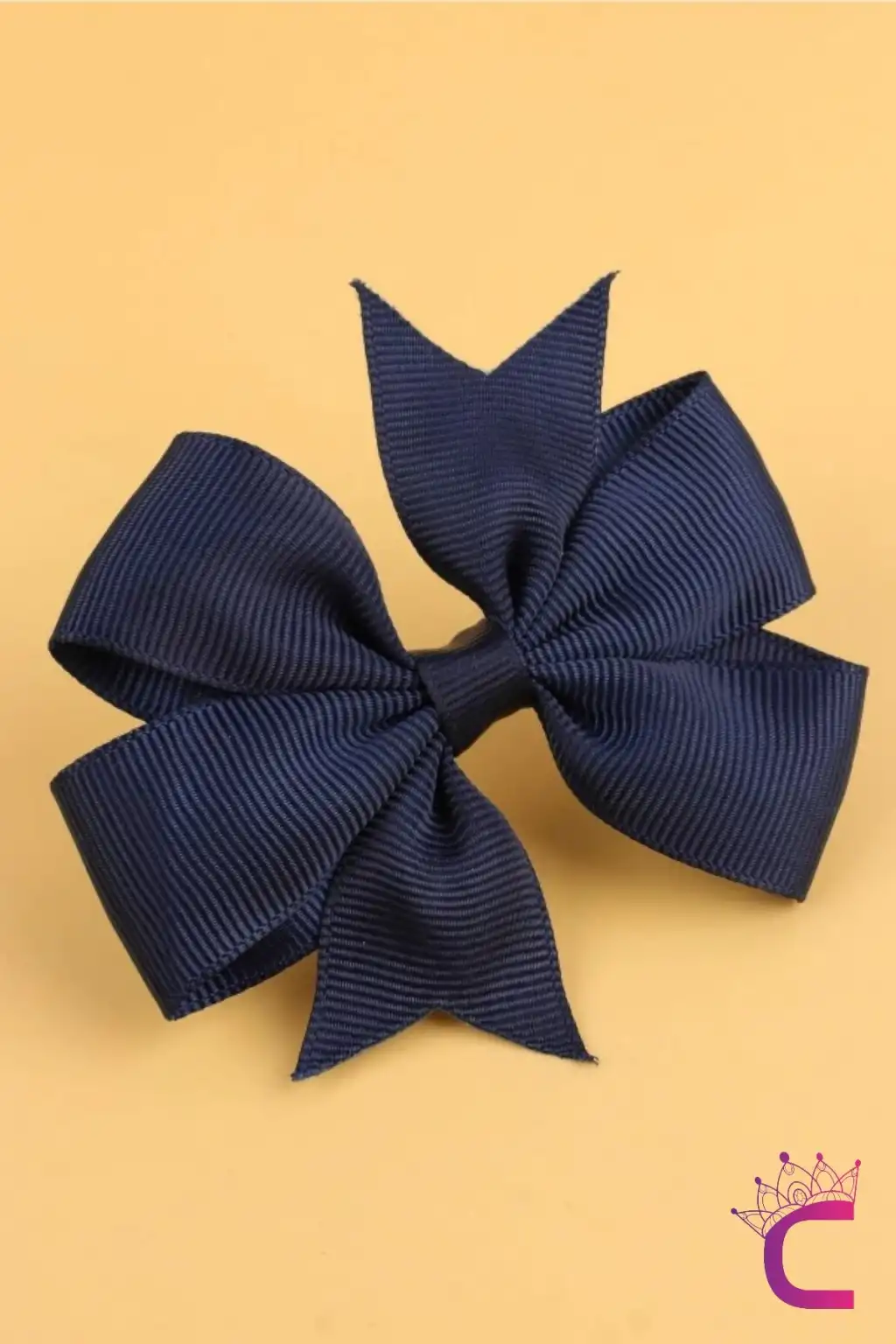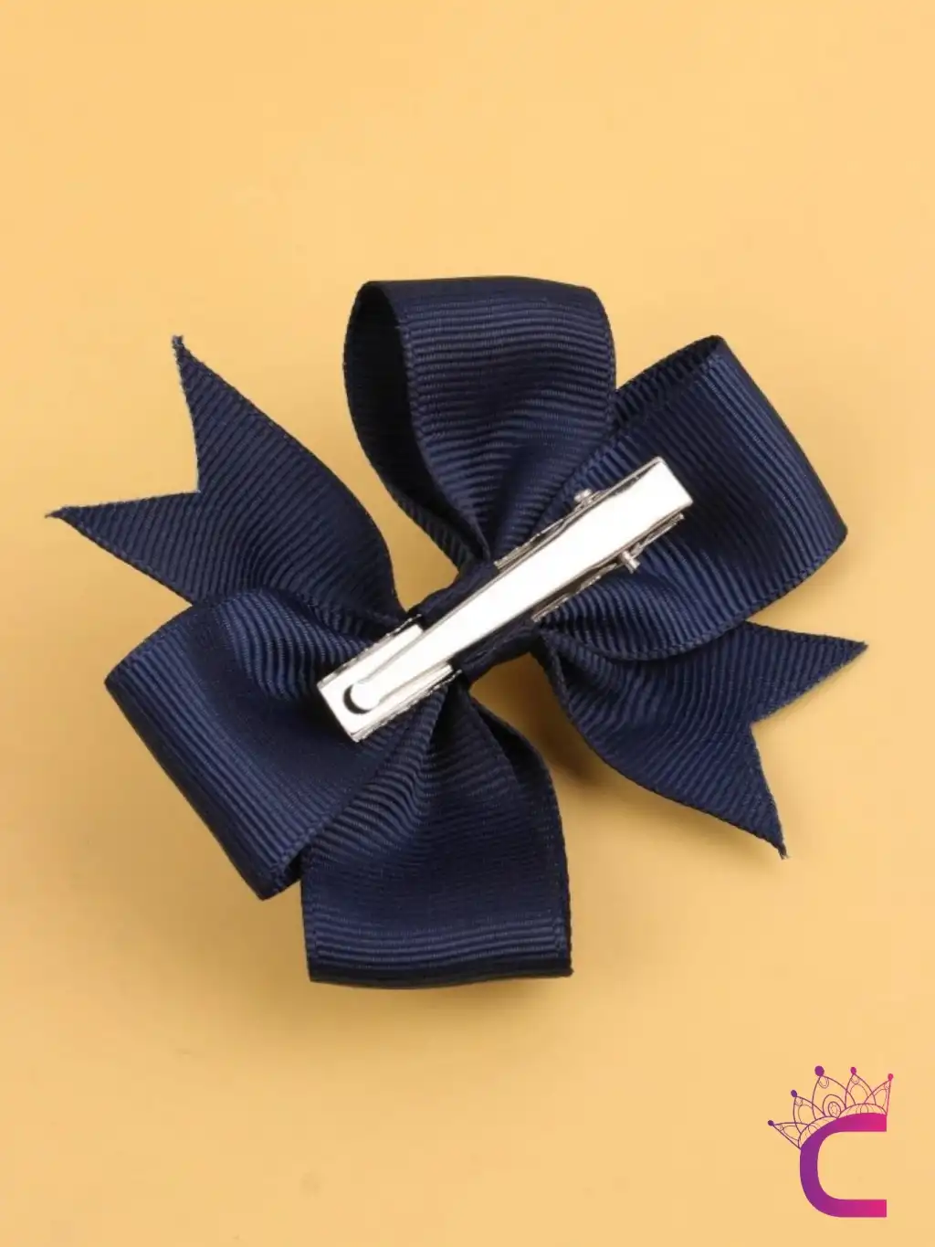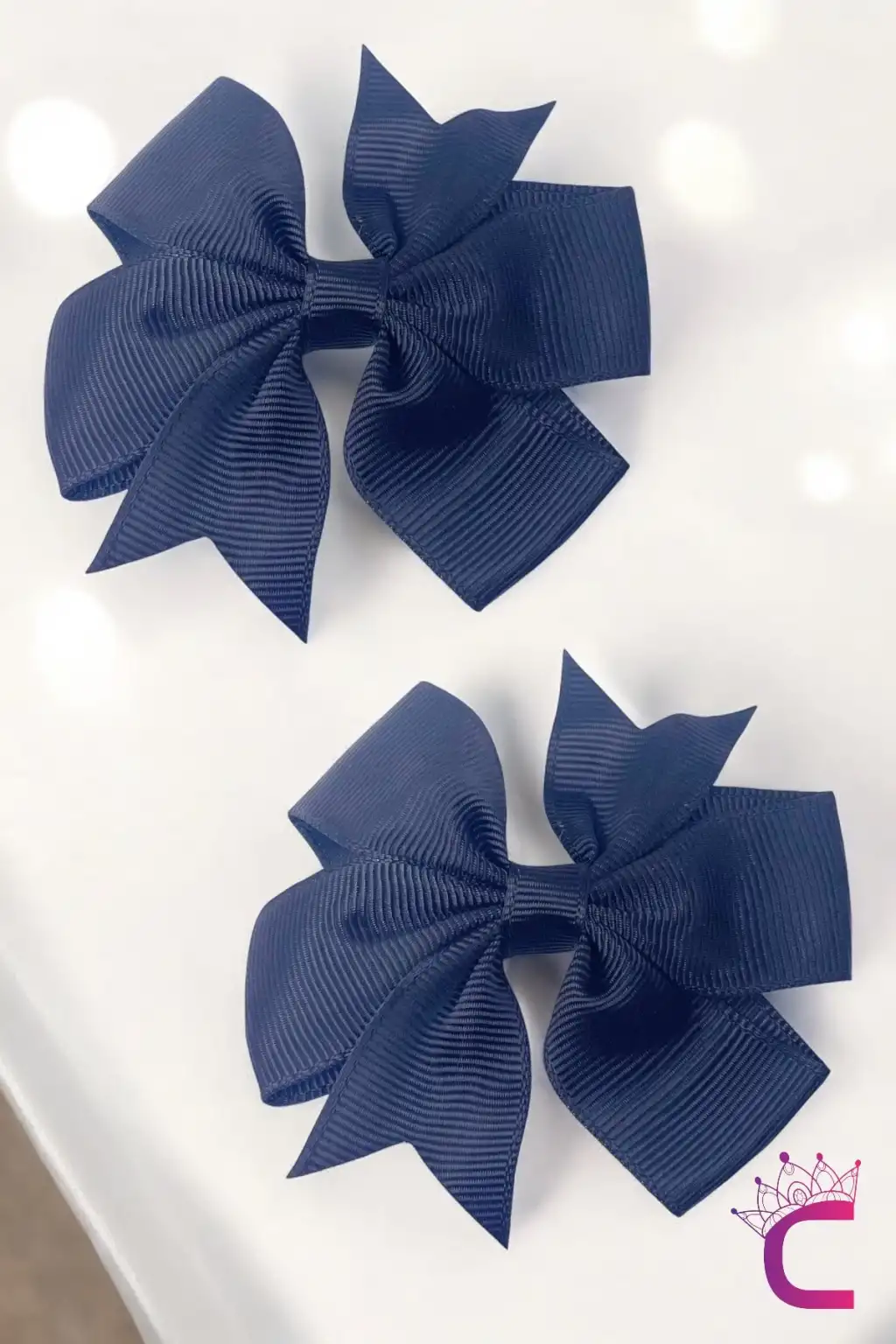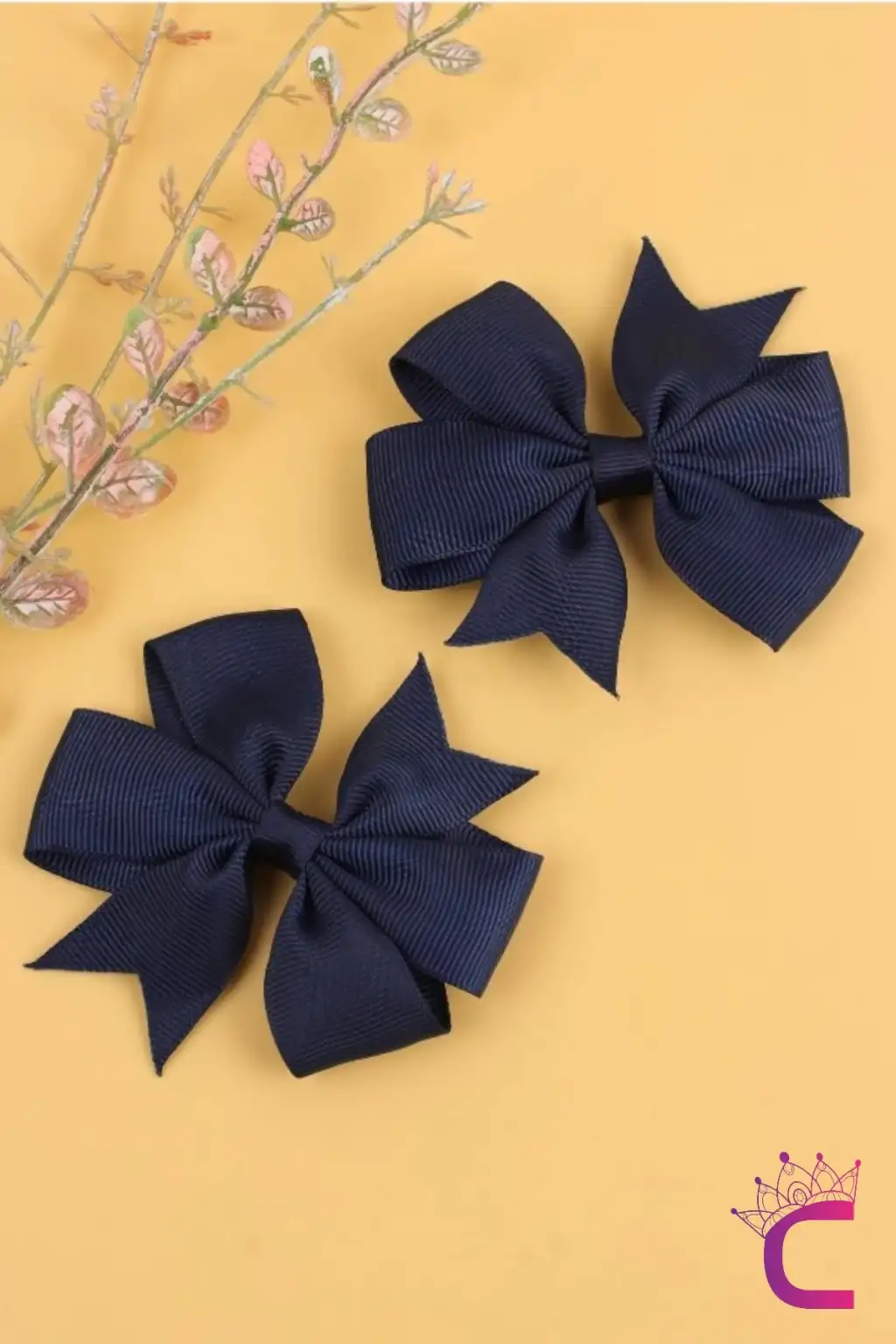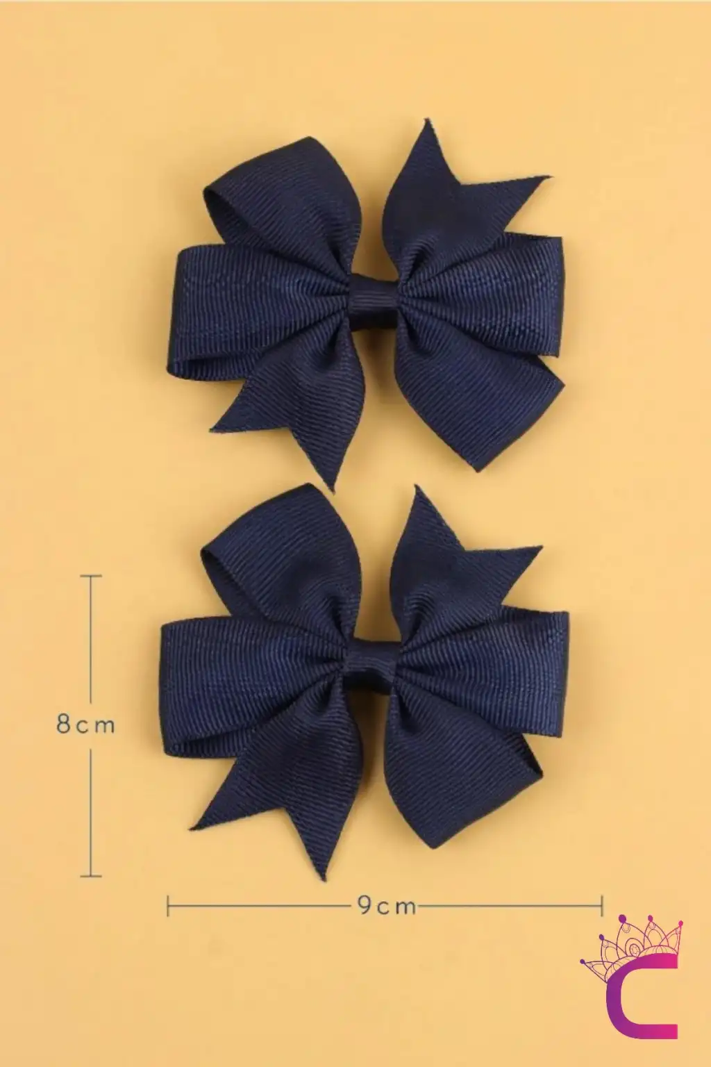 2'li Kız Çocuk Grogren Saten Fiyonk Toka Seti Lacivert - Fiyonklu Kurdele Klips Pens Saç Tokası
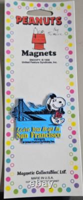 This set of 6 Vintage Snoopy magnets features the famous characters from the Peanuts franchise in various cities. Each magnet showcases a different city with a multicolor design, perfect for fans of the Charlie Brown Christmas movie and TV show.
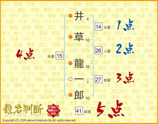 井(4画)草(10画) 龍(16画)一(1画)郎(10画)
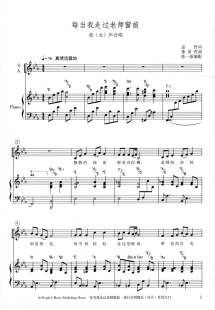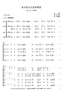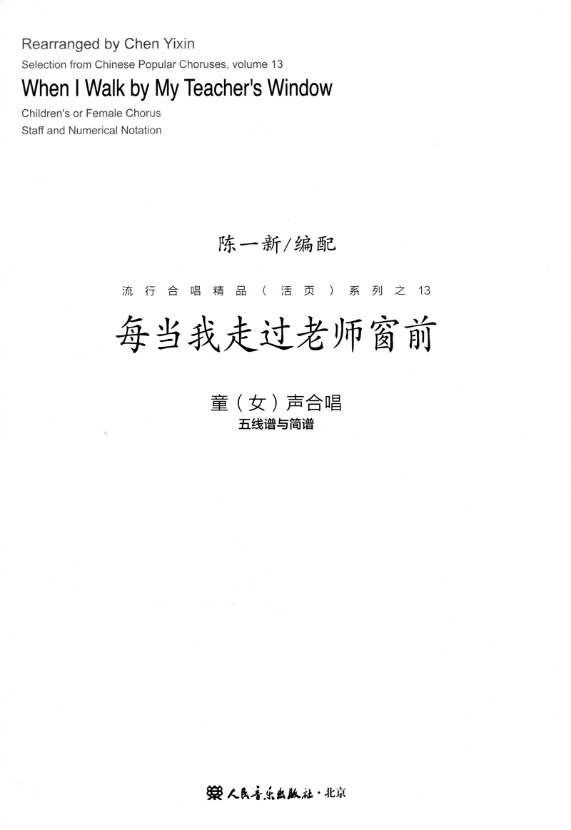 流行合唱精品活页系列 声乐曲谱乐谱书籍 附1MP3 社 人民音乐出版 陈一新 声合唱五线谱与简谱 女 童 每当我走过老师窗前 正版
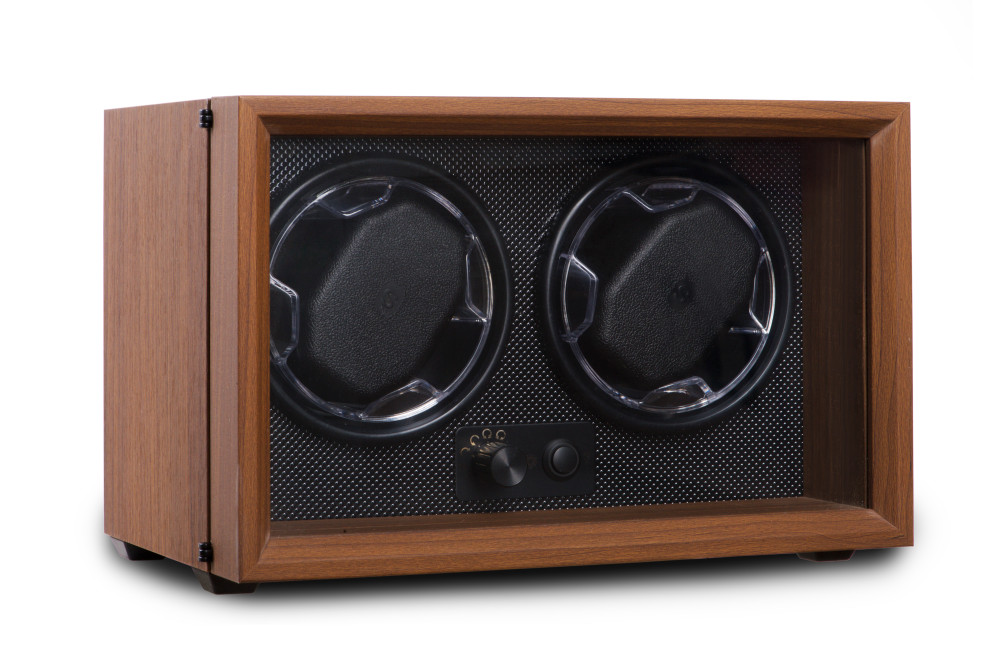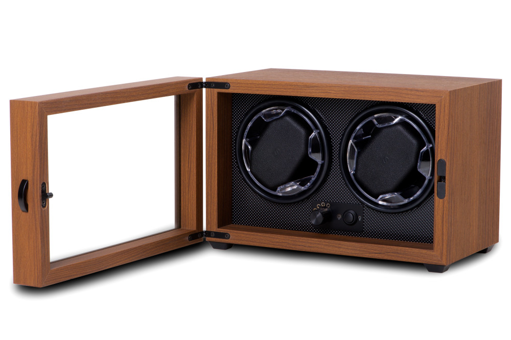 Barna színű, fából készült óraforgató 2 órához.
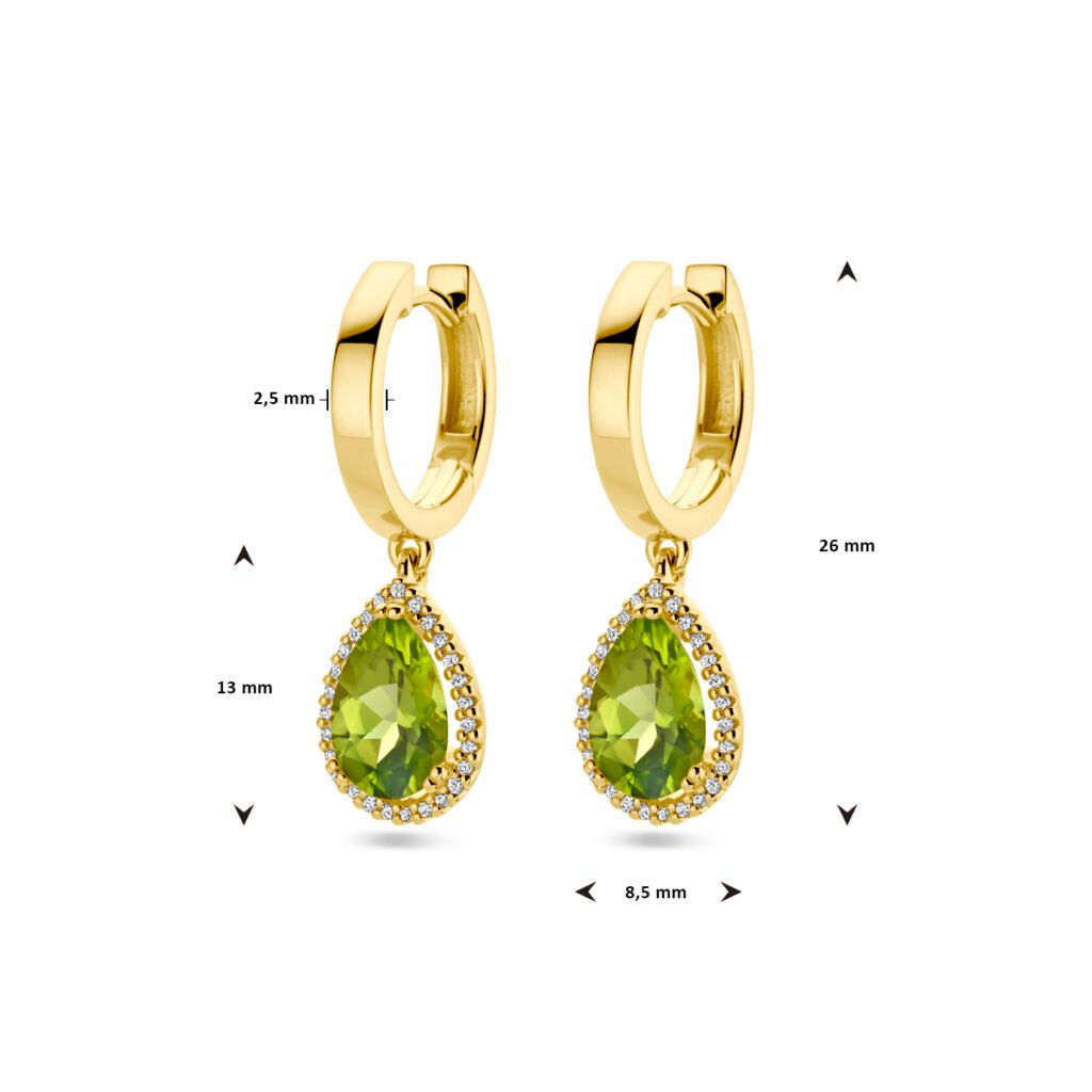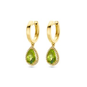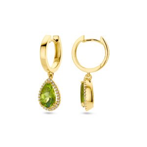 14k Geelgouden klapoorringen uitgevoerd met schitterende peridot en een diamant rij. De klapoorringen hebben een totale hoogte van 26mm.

☆ ☆ ☆ ☆

### Task to carry out:
From the line holding "Barna színű, fából" to the last line of the listing, please output each line exactly as it stands. Pictures stay out of the copy.

### Result of the task:
 Barna színű, fából készült óraforgató 2 órához.
 14k Geelgouden klapoorringen uitgevoerd met schitterende peridot en een diamant rij. De klapoorringen hebben een totale hoogte van 26mm.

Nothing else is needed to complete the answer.